Task requirements:
The required output is the exact run of lines in the listing below from the line holding "Un filtro fue" through the line holding "レイアウトにもすごくこだわっ", with no pictures.
--- Supplied material ---
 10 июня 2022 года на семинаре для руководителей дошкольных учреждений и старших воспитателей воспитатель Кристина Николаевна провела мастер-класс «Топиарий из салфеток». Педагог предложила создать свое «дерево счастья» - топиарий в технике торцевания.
---
--- Supplied material ---
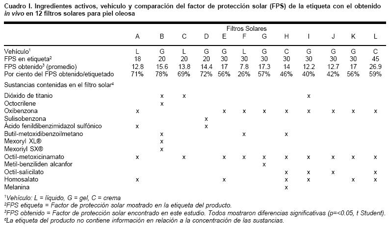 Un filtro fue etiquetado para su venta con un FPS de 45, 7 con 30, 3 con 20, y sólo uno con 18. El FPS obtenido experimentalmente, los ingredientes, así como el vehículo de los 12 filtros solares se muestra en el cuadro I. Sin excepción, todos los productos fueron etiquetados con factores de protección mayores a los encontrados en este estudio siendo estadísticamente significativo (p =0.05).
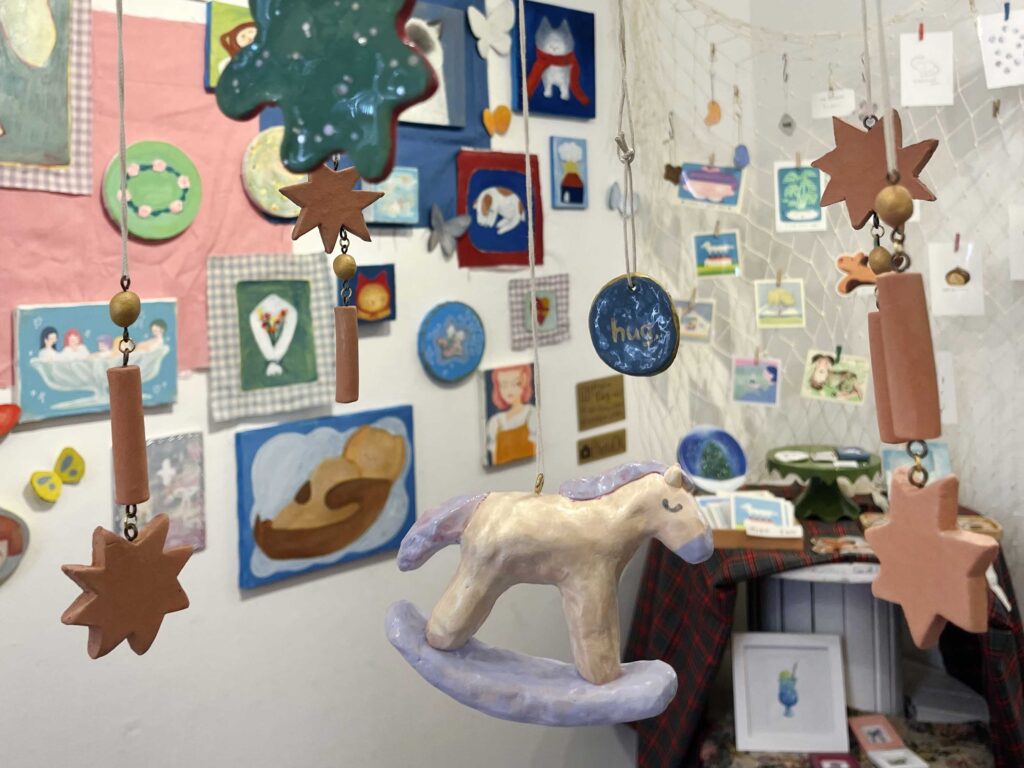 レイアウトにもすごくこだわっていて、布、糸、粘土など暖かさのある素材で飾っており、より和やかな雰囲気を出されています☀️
---
Solution to this problem:
 Un filtro fue etiquetado para su venta con un FPS de 45, 7 con 30, 3 con 20, y sólo uno con 18. El FPS obtenido experimentalmente, los ingredientes, así como el vehículo de los 12 filtros solares se muestra en el cuadro I. Sin excepción, todos los productos fueron etiquetados con factores de protección mayores a los encontrados en este estudio siendo estadísticamente significativo (p =0.05).
 レイアウトにもすごくこだわっていて、布、糸、粘土など暖かさのある素材で飾っており、より和やかな雰囲気を出されています☀️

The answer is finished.